RECORDED DATA ▸
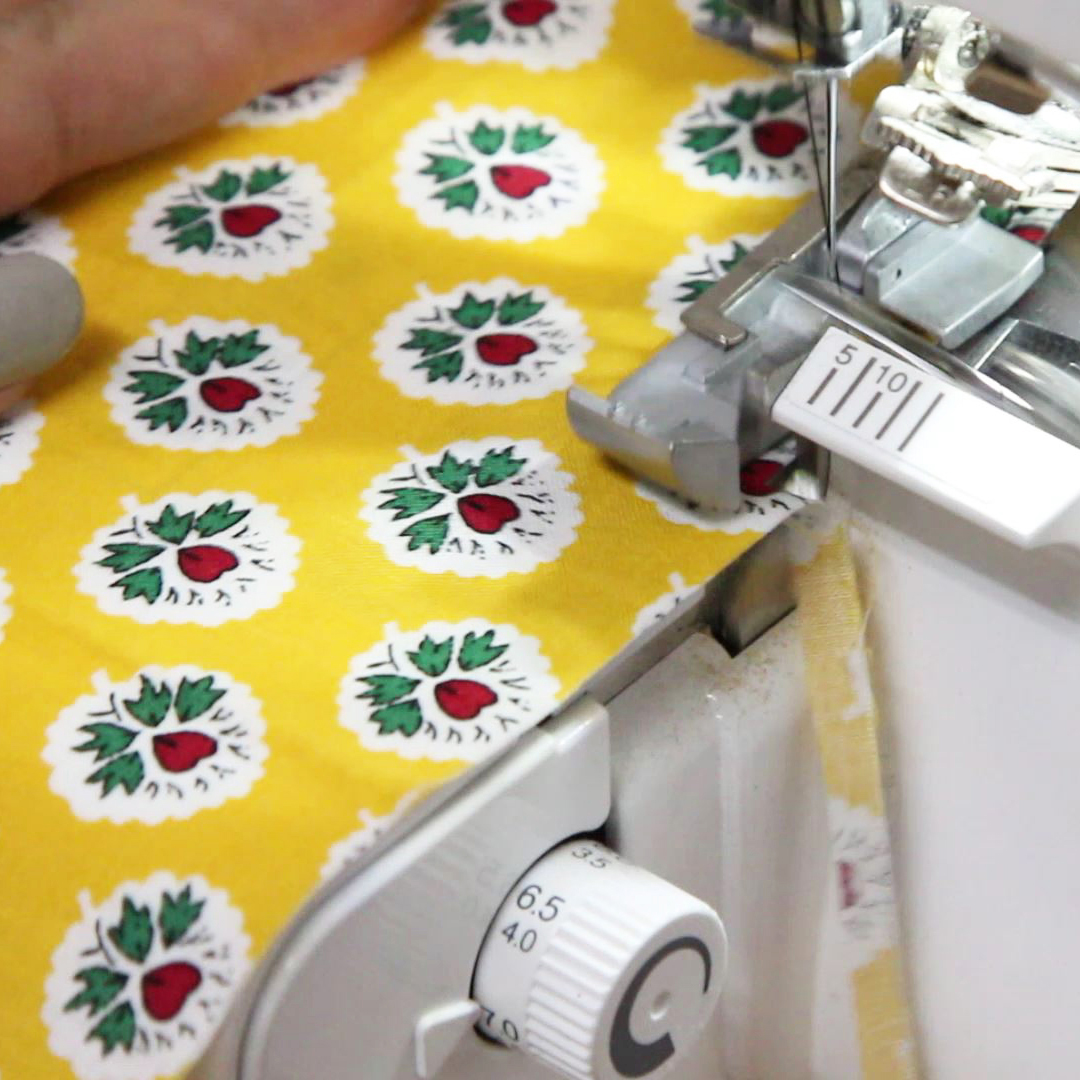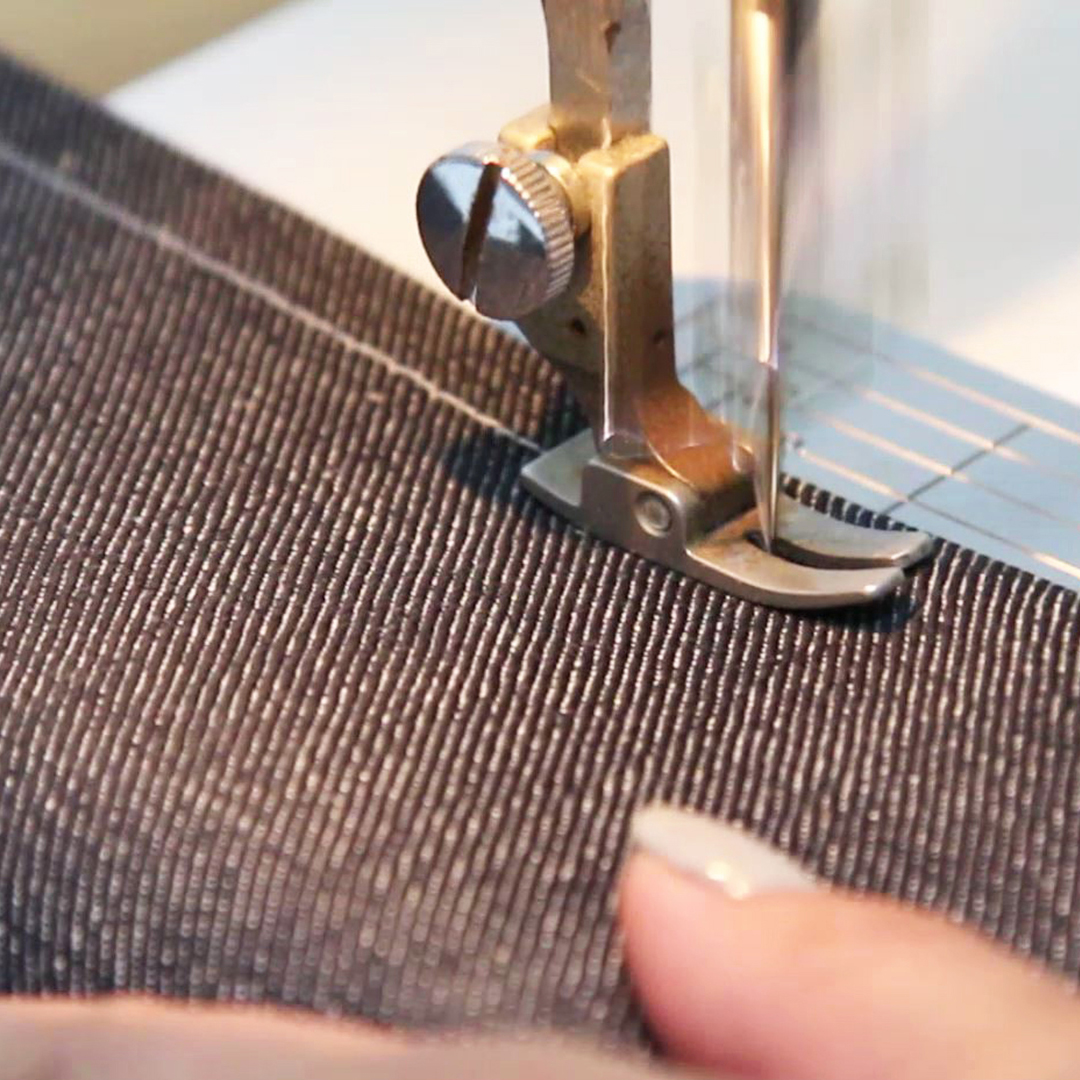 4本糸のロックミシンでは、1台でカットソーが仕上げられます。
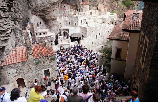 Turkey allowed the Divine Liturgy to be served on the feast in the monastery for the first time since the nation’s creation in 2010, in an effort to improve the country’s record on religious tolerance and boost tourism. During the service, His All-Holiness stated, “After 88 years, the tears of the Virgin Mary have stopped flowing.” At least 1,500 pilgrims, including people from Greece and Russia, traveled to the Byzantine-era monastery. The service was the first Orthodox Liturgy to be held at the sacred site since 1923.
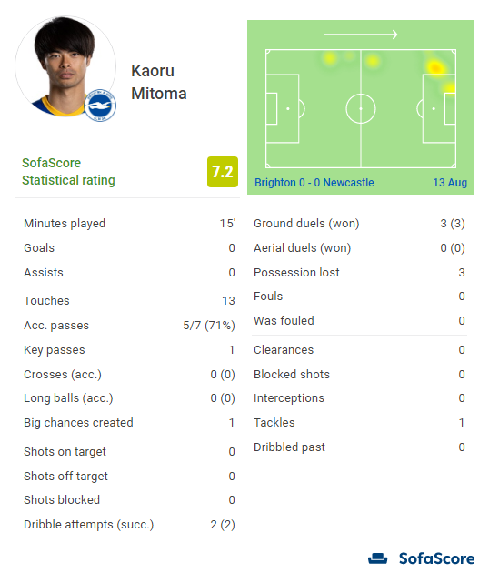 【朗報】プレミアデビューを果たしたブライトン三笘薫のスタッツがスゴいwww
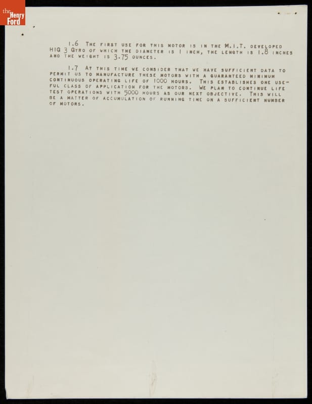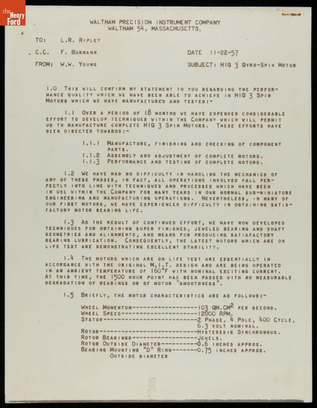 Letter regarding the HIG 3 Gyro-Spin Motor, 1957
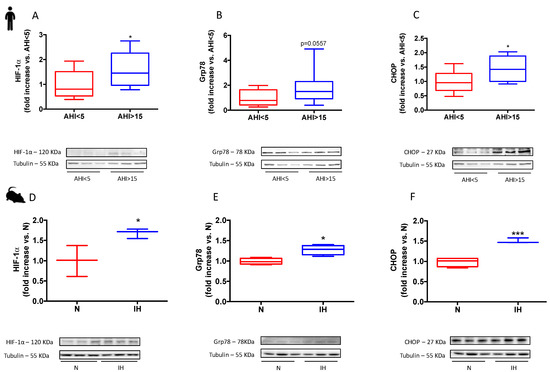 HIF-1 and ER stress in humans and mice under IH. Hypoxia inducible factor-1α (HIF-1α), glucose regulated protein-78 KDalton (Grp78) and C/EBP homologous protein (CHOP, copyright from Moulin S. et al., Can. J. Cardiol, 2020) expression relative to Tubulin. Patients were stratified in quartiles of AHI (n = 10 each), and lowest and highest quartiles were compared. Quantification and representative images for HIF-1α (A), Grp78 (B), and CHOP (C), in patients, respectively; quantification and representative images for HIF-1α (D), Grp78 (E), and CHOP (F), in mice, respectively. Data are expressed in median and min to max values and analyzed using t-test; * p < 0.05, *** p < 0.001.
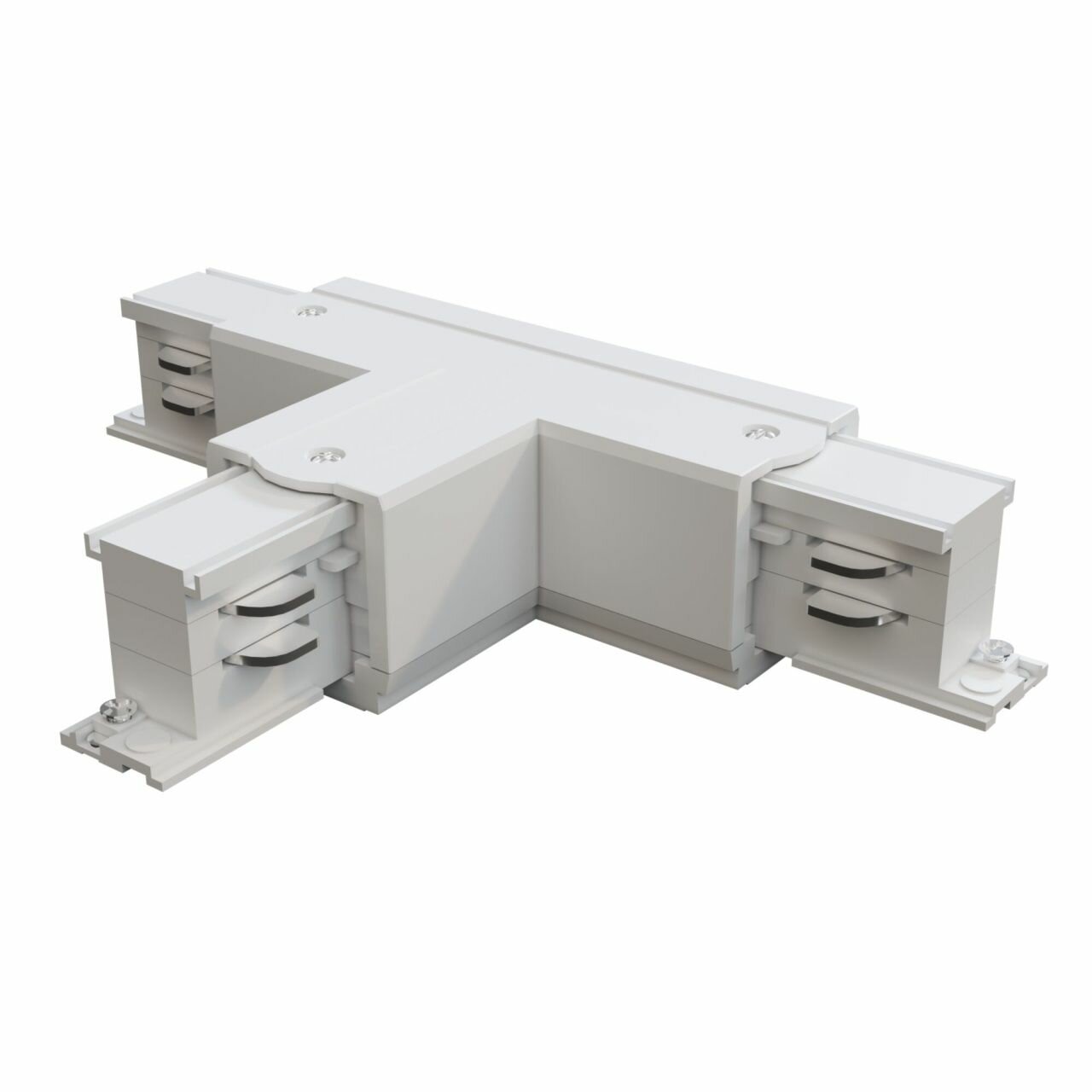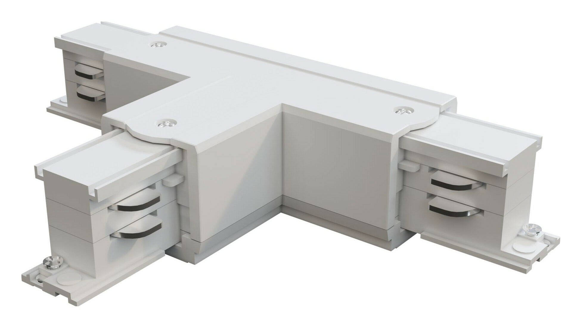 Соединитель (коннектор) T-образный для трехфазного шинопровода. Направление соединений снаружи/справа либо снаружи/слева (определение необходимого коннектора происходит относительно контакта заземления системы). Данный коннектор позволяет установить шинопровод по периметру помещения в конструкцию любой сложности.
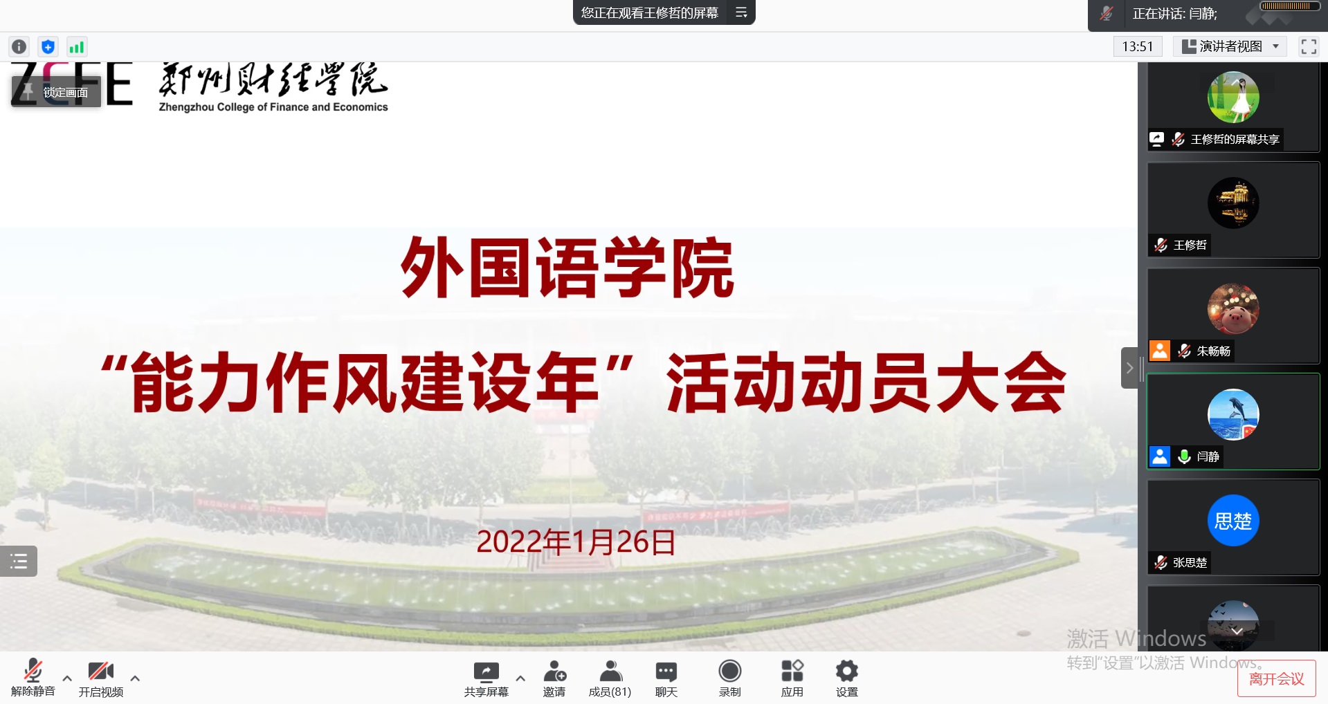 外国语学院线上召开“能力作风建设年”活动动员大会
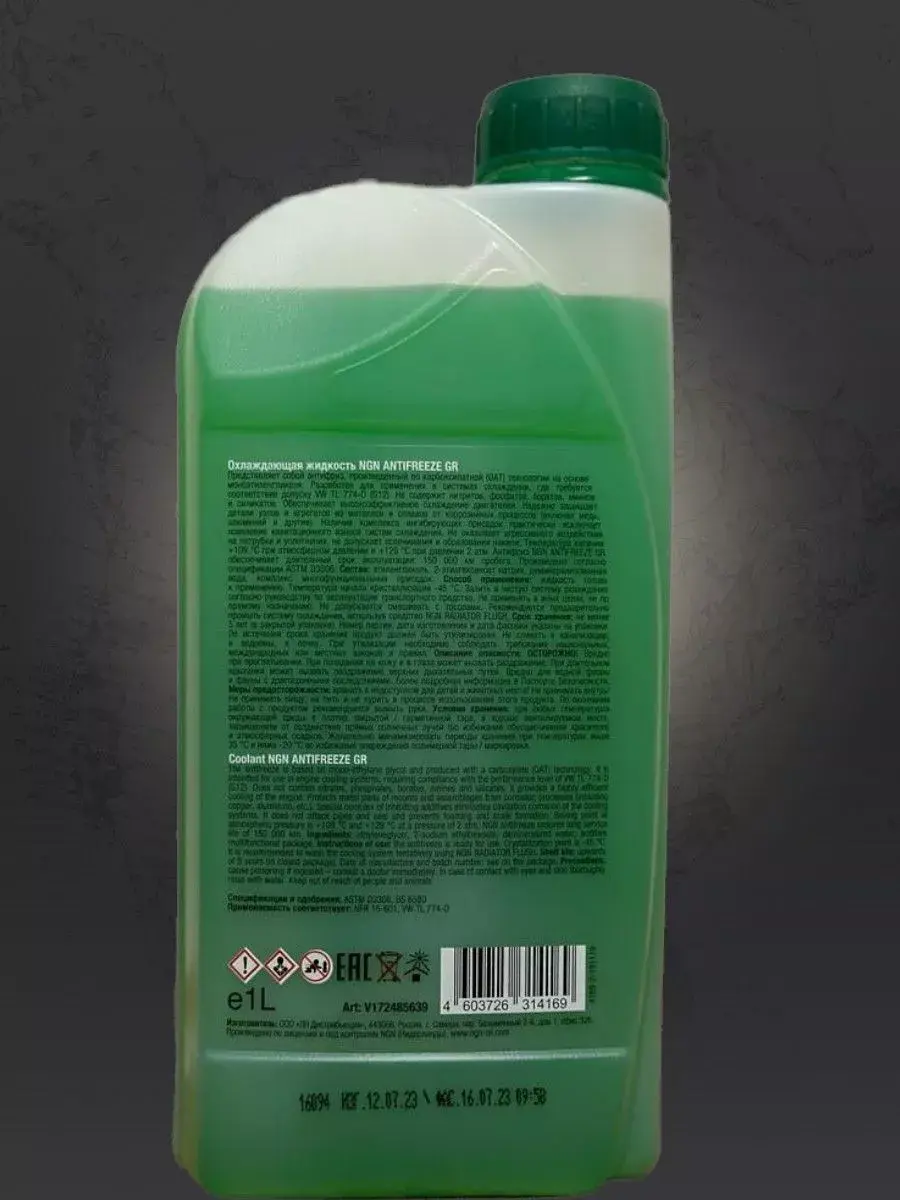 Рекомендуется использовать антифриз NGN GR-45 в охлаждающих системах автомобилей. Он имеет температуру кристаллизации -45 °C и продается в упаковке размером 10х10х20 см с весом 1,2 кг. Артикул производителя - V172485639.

PROBLEM DETAILS ▸
Except for the pictures, set down all of the records exactly as they are.

EXPECTED ANSWER ▸
 4本糸のロックミシンでは、1台でカットソーが仕上げられます。
 Turkey allowed the Divine Liturgy to be served on the feast in the monastery for the first time since the nation’s creation in 2010, in an effort to improve the country’s record on religious tolerance and boost tourism. During the service, His All-Holiness stated, “After 88 years, the tears of the Virgin Mary have stopped flowing.” At least 1,500 pilgrims, including people from Greece and Russia, traveled to the Byzantine-era monastery. The service was the first Orthodox Liturgy to be held at the sacred site since 1923.
 【朗報】プレミアデビューを果たしたブライトン三笘薫のスタッツがスゴいwww
 Letter regarding the HIG 3 Gyro-Spin Motor, 1957
 HIF-1 and ER stress in humans and mice under IH. Hypoxia inducible factor-1α (HIF-1α), glucose regulated protein-78 KDalton (Grp78) and C/EBP homologous protein (CHOP, copyright from Moulin S. et al., Can. J. Cardiol, 2020) expression relative to Tubulin. Patients were stratified in quartiles of AHI (n = 10 each), and lowest and highest quartiles were compared. Quantification and representative images for HIF-1α (A), Grp78 (B), and CHOP (C), in patients, respectively; quantification and representative images for HIF-1α (D), Grp78 (E), and CHOP (F), in mice, respectively. Data are expressed in median and min to max values and analyzed using t-test; * p < 0.05, *** p < 0.001.
 Соединитель (коннектор) T-образный для трехфазного шинопровода. Направление соединений снаружи/справа либо снаружи/слева (определение необходимого коннектора происходит относительно контакта заземления системы). Данный коннектор позволяет установить шинопровод по периметру помещения в конструкцию любой сложности.
 外国语学院线上召开“能力作风建设年”活动动员大会
 Рекомендуется использовать антифриз NGN GR-45 в охлаждающих системах автомобилей. Он имеет температуру кристаллизации -45 °C и продается в упаковке размером 10х10х20 см с весом 1,2 кг. Артикул производителя - V172485639.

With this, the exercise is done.